Voici les questions qu’on se pose avant de rentrer au bloc. Vous n’êtes pas la seule à vous les poser. Un lifting n’est pas une intervention obligatoire ni thérapeutique, elle provient du désir, quelquefois exprimé depuis longtemps, d’avoir une meilleure apparence. Toutefois, en général l’envie de se faire opérer est plus importante, et après ces quelques interrogations les patientes arrivent souriantes au bloc opératoire. On leur demande de se déshabiller entièrement, ce qui est obligatoire en salle d’opération, et on leur remet une blouse légère pour se vêtir (on est obligé d’être entièrement déshabillé pendant l’intervention car pendant celle-ci le chirurgien coagule des petits vaisseaux et le moindre sous-vêtement qui comporte une part de nylon ou des objets métalliques risque de provoquer des brûlures).

L’entrée au bloc opératoire

Les patientes sont souvent surprises de voir autant de monde au bloc opératoire. Il s’agit d’une disposition légale : dans un bloc opératoire il doit y avoir en permanence une infirmière, un anesthésiste, son assistant opératoire, l’assistant du chirurgien et le chirurgien lui-même. Oui, cela fait beaucoup de monde !

L’anesthésie

Le type d’anesthésie qui sera pratiqué est déterminé préalablement au cours des consultations. En général, l’anesthésiste vous dit quelques mots pour vous détendre, pratique une petite injection intraveineuse et par cette aiguille fait passer un produit qui vous fait perdre petit à petit conscience. Au dire de certaines patientes, c’est un moment très agréable. Pour vous endormir, l’anesthésiste place dans votre bouche et votre trachée un tube (on appelle cela l’intubation) qui vous permettra de respirer dans de bonnes conditions opératoires.

La durée de l’intervention

Nous devons au cours des consultations répondre à votre demande très précise : « Combien de temps va durer l’intervention ? »

Nous devons y répondre avec précision mais celle-ci peut durer plus ou moins longtemps en fonction essentiellement du degré de saignement car, lorsque l’on saigne, il faut coaguler les petits vaisseaux, ce qui prend un petit peu plus de temps. La durée de l’intervention est également fonction du décollement qui est plus ou moins facile selon les patientes. Il est évident qu’une patiente qui a eu au niveau des joues des infiltrations d’acide hyaluronique ou d’autres produits, comme ceci se réalisait auparavant, va nécessiter un décollement, non pas plus difficile, mais simplement plus long ; c’est pourquoi la durée opératoire sera prolongée. En général pour un lifting cervico-facial classique, la durée de l’opération est d’environ deux heures trente. Pour les liftings partiels la durée sera fonction de l’étendue du décollement.

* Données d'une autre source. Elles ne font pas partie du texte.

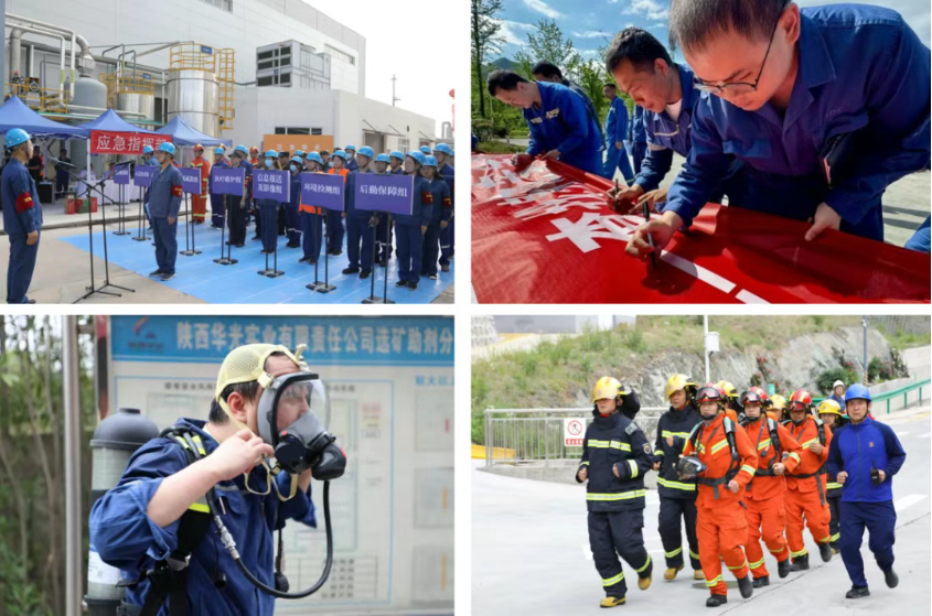 “安全生產(chǎn)月”期間,金鉬股份化學分公司開展了一場模擬實戰(zhàn)的危險化學品泄漏應急演練,此次演練由渭南高新區(qū)安全生產(chǎn)委員會辦公室、渭南高新區(qū)應急管理局主辦,金鉬股份化學分公司承辦,渭南市生態(tài)環(huán)境局高新分局、渭南高新區(qū)消防救援大隊、渭南市骨科醫(yī)院協(xié)辦,檢驗了應急預案的合規(guī)性、時效性,提高了該公司與政府監(jiān)管部門等單位協(xié)同配合效率,進一步提升了全員應急處置能力。金鉬汝陽開展了以“學悟、宣貫、承諾、踐行”四位一體模式的系列活動,構筑起群防群治的安全防線。華光公司選礦助劑分公司以“強化安全技能,筑牢生命防線”為主題,開展“安全生產(chǎn)月”系列活動。金鉬股份礦山分公司承辦開展了2025年渭南市民爆行業(yè)應急救援演練的安全生產(chǎn)演練,以“叉車在搬運油相噸裝桶過程中掉落與地面發(fā)生碰撞,導致罐體溶液泄漏并起火”為模擬場景,為全市民爆行業(yè)高質(zhì)量發(fā)展貢獻國企力量。

Cette variation de la durée d’intervention ne mérite pas d’être mentionnée en soi sauf sur le plan des frais de clinique. En effet, aujourd’hui, les cliniques facturent le coût de la salle d’opération en fonction de la durée de l’intervention. Il arrive donc que, lorsque l’opération a duré plus longtemps, s’ajoutent trente minutes ou une heure au plus aux frais de clinique. Ceci est en général mentionné sur le devis. Cependant, cette augmentation peut causer un certain désagrément aux patientes qui ont négligé d’en lire la mention.

À la fin de l’intervention, le chirurgien place un drain derrière les oreilles de manière à drainer un éventuel saignement pendant la nuit, et met un pansement sous forme d’une bande Velpeau autour du visage de manière à bien maintenir le lifting et à exercer une légère compression. En effet, pendant la nuit le saignement peut être dû soit à une montée de tension – c’est pour cela que votre tension est prise toutes les demi-heures et quelquefois tous les quarts d’heure – soit à un petit vaisseau qui a éclaté à la suite d’un mouvement brusque que vous auriez effectué (d’où l’importance du drain).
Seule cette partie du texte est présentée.